A un certo punto scrivi una frase che mi è sembrata molto giusta: Ogni malato è malato a modo suo. Un po’ come l’infelicità famigliare in Tolstoj…
Esatto, è proprio un riferimento all’incipit di Anna Karenina di Tolstoj, “Tutte le famiglie felici si somigliano; ogni famiglia infelice è invece infelice a modo suo”. Ognuno ha un modo diverso di affrontare il dolore. Per quanto riguarda la malattia, e la sofferenza, la paura che essa provoca. C’è chi si chiude in se stesso, chi invece ne parla a tutti. C’è chi nasconde la malattia e chi la esibisce, come la ragazza con la testa calva decorata con l’henné che Caterina vede in ospedale. Non c’è un modo giusto o un modo sbagliato di reagire. Direi che tutto quello che aiuta, sempre nel rispetto del prossimo, va bene.
Scrivere professionalmente sui quotidiani ti ha aiutato a realizzare i tuoi romanzi di narrativa, oppure no?
Certo, il fatto di essere giornalista della stampa scritta mi ha aiutato perché sono abituata a scrivere cercando di essere chiara e comprensibile.

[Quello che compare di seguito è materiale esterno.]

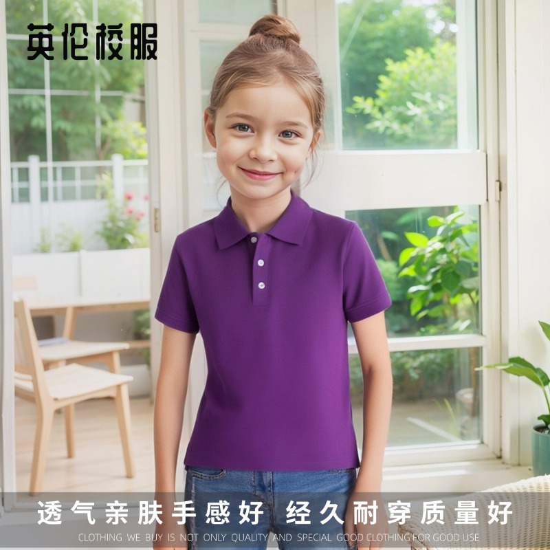 學院英倫風學生清華紫校服 中小學夏季短袖透氣舒適T恤polo衫
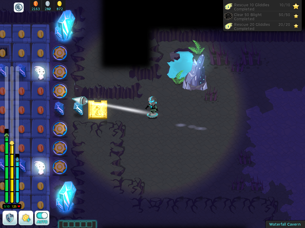 Hello again! It’s Tambika, and I’m giving you a new mission in Waterfall Cavern, just underneath Waterfall Meadow. This cave seems to be where a lot of the blight is coming from, so we need to get in there and destroy the blight inside! Click on blight next to you to clear it. You can click and drag on multiple blight patches to restore them quickly! Blight usually covers treasures and Materials in the Yonders. Go ahead and grab them; you can trade them for cool stuff here at the Academy!
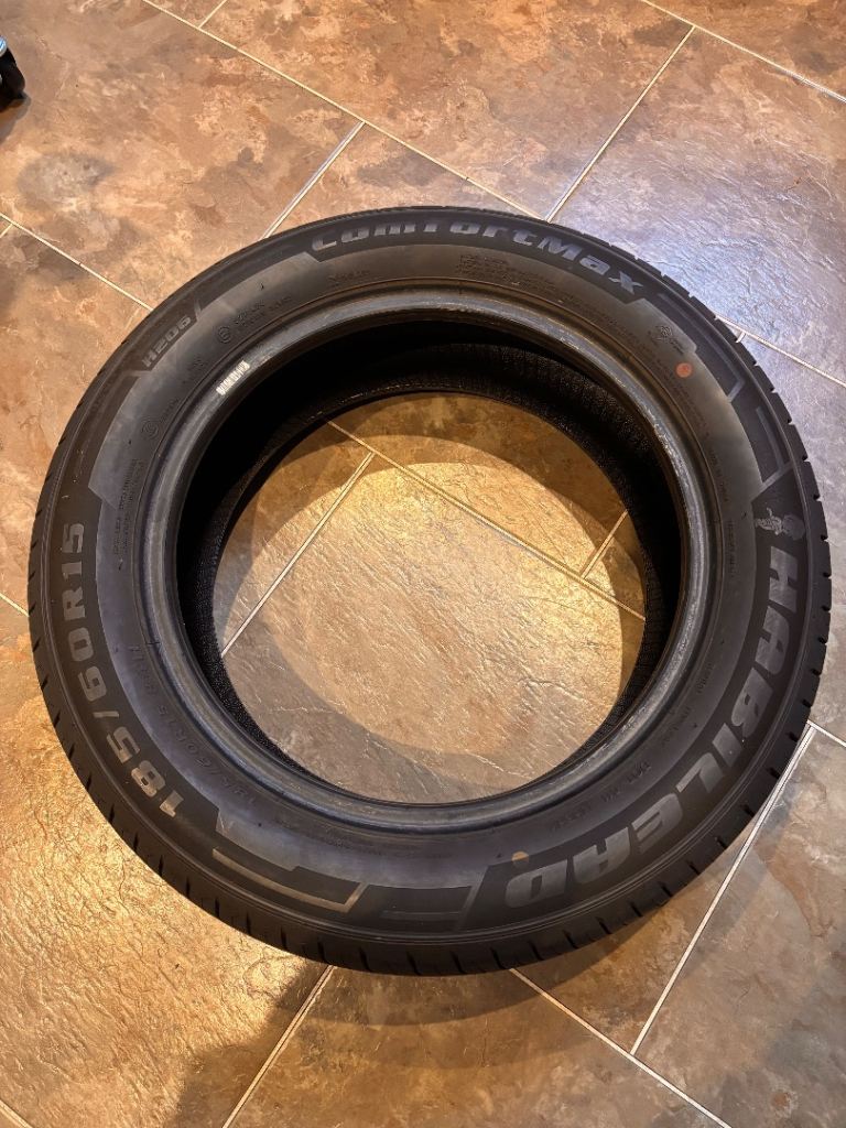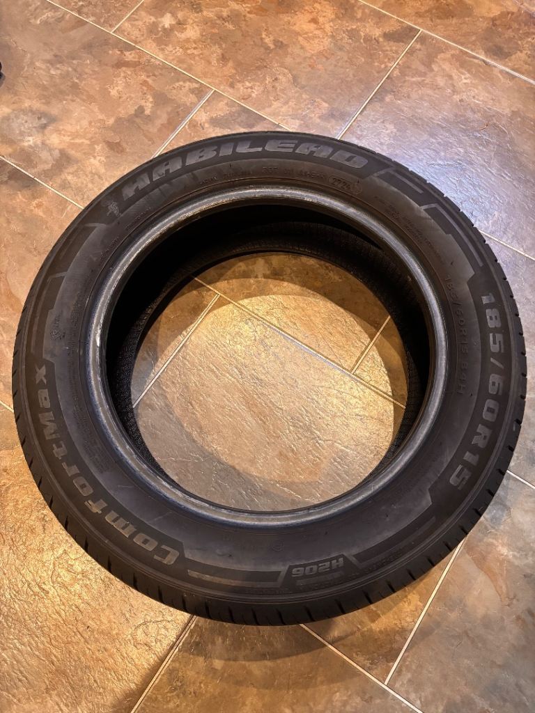 Spare tyre for vehicle we no longer have. HABILEAD 185/60 R15 84H. AI description- Habilead tyres are an affordable, budget-friendly brand from China's Shandong Huasheng Rubber Company, known for providing everyday reliability, comfort, and decent grip for passenger cars and light commercial vehicles, with popular models like the Comfortmax for smooth rides and Sportmax for sportier performance, offering good value for money. They are manufactured using advanced equipment and aim for quality construction for durability, fuel economy, and stable driving in various conditions, targeting drivers seeking cost-effective yet dependable tyres.

Questo influisce probabilmente sul fatto che prediligo uno stile asciutto. E che so tagliare quando è necessario. Ma la tecnica narrativa è diversa da quella giornalistica. Per dirne una: invece di dire tutto nella prima frase – con la famosa regola delle cinque W, Who, What, Where, When, Why, fondamentale in un articolo giornalistico – in un romanzo bisogna creare un po’ di attesa per farsi leggere fino in fondo.